What is being asked:
In the entries below, print exactly the lines from the first through the one with "Como parte de", both included, and none of the pictures.

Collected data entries
=-=-=

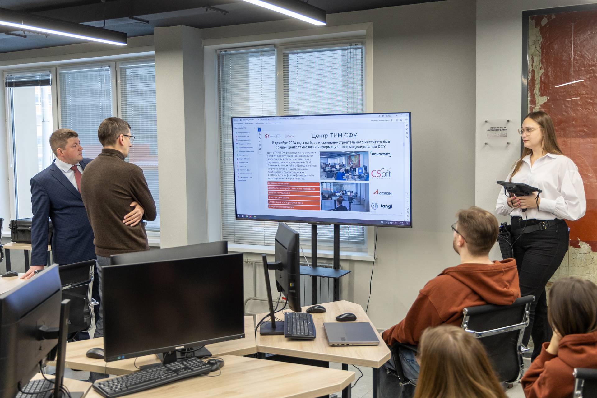 Визит стартовал с Центра ТИМ в Инженерно-строительном институте СФУ, студенты и эксперты которого в этом году стали лидерами конкурса «ТИМ-ЛИДЕРЫ 2024/2025» — лучшими в стране в компетенции инженерное проектирование в конкурсе AtomSkills – 2025.
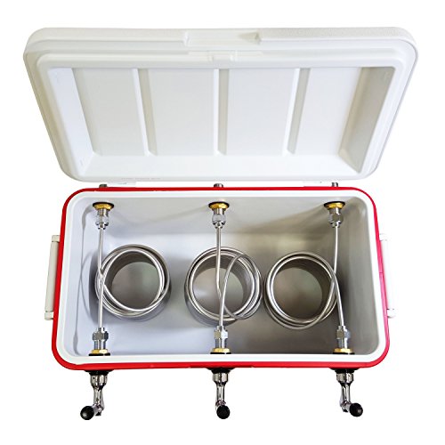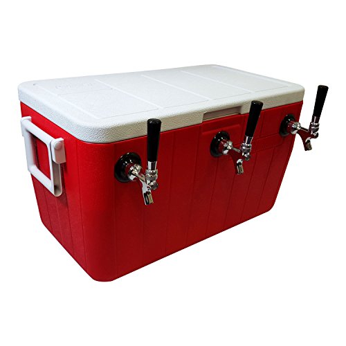 NY Brew Supply 50' Stainless Steel Coils Jockey Box Cooler with Triple Faucet, 48 quart, Red
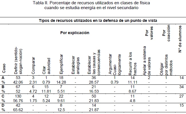 Como parte de los intercambios comunicativos, en este artículo se identifican y describen los recursos explicativos utilizados en las clases de Física de los casos objeto de estudio.
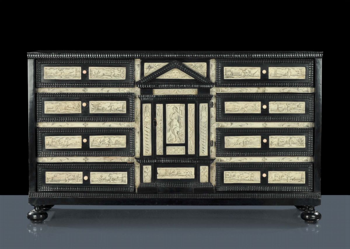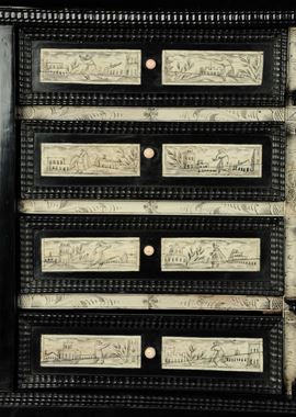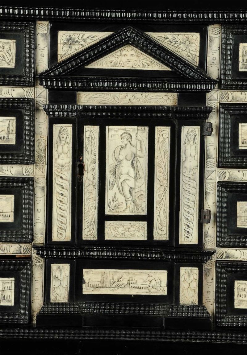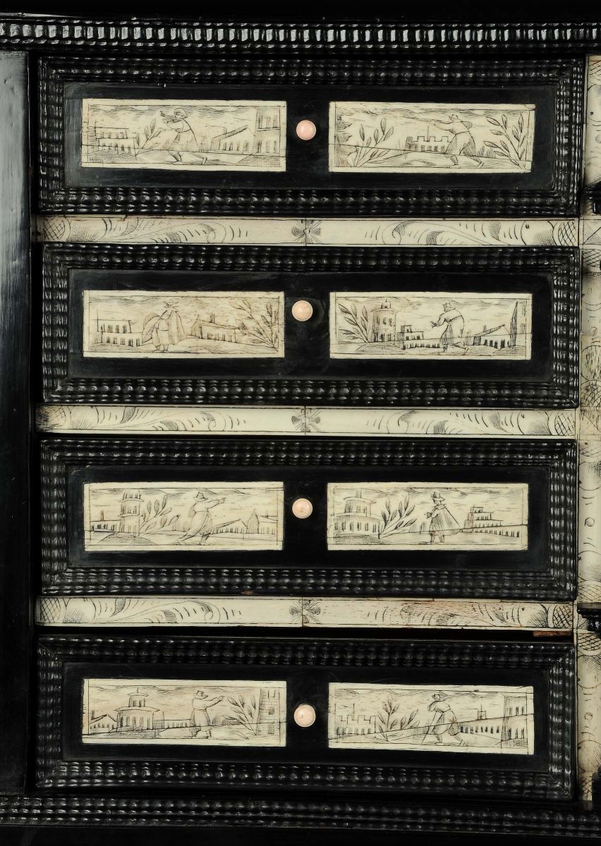 parte centrale a tempietto; il decoro, eseguito su lastrine di avorio graffito, raffigura vedute con personaggi sui cassetti e una figura femminile nell'anta centrale, piedi a cipolla, cm 39x32x52
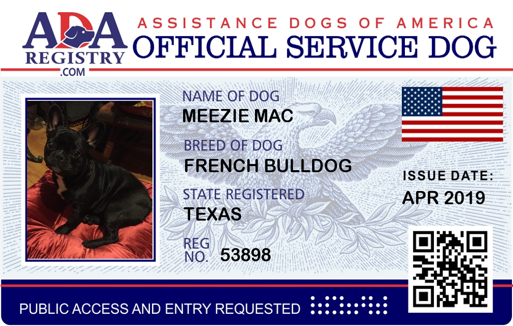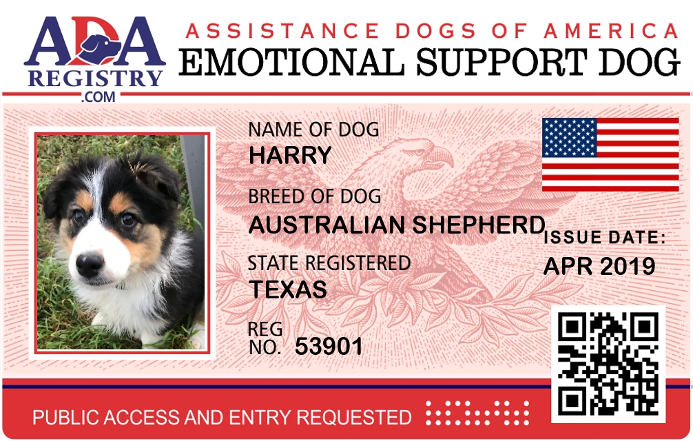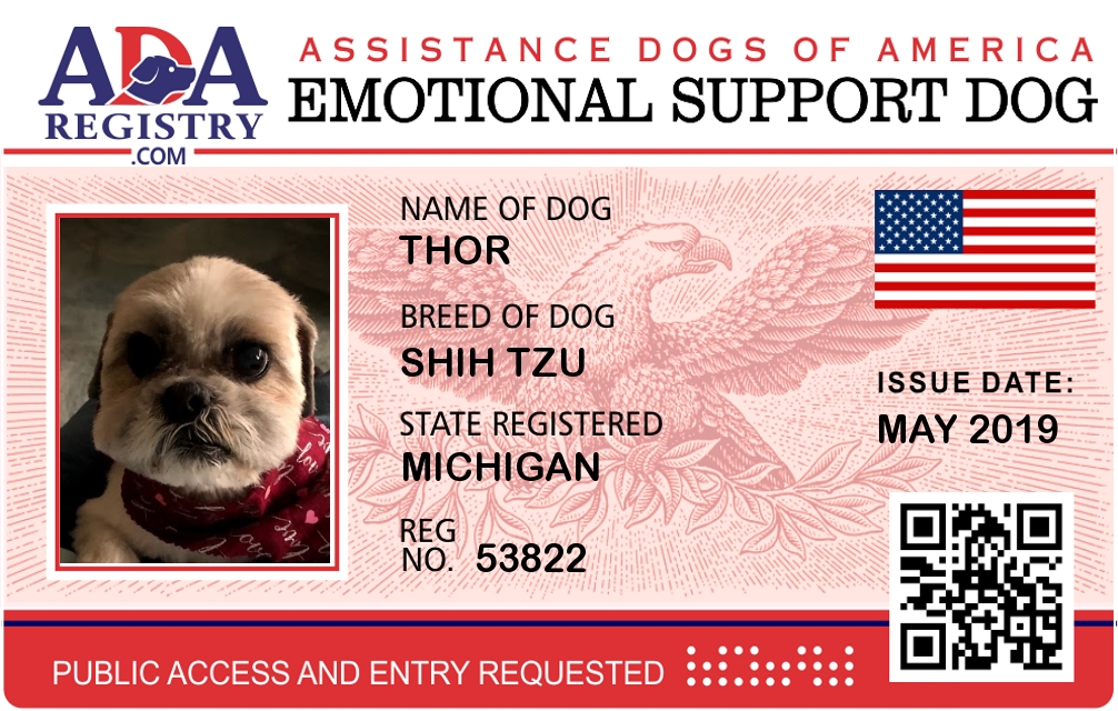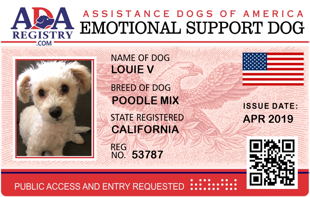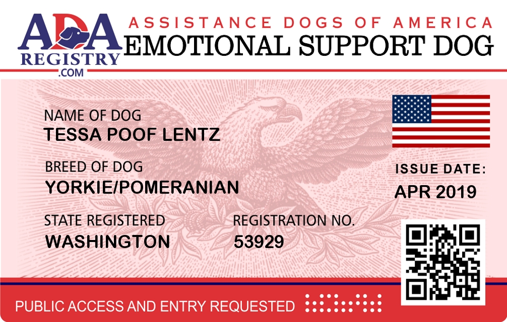 Emotional Support Dog Registration for Tessa Poof Lentz

=-=-=

Reply to the exercise:
 Визит стартовал с Центра ТИМ в Инженерно-строительном институте СФУ, студенты и эксперты которого в этом году стали лидерами конкурса «ТИМ-ЛИДЕРЫ 2024/2025» — лучшими в стране в компетенции инженерное проектирование в конкурсе AtomSkills – 2025.
 NY Brew Supply 50' Stainless Steel Coils Jockey Box Cooler with Triple Faucet, 48 quart, Red
 Como parte de los intercambios comunicativos, en este artículo se identifican y describen los recursos explicativos utilizados en las clases de Física de los casos objeto de estudio.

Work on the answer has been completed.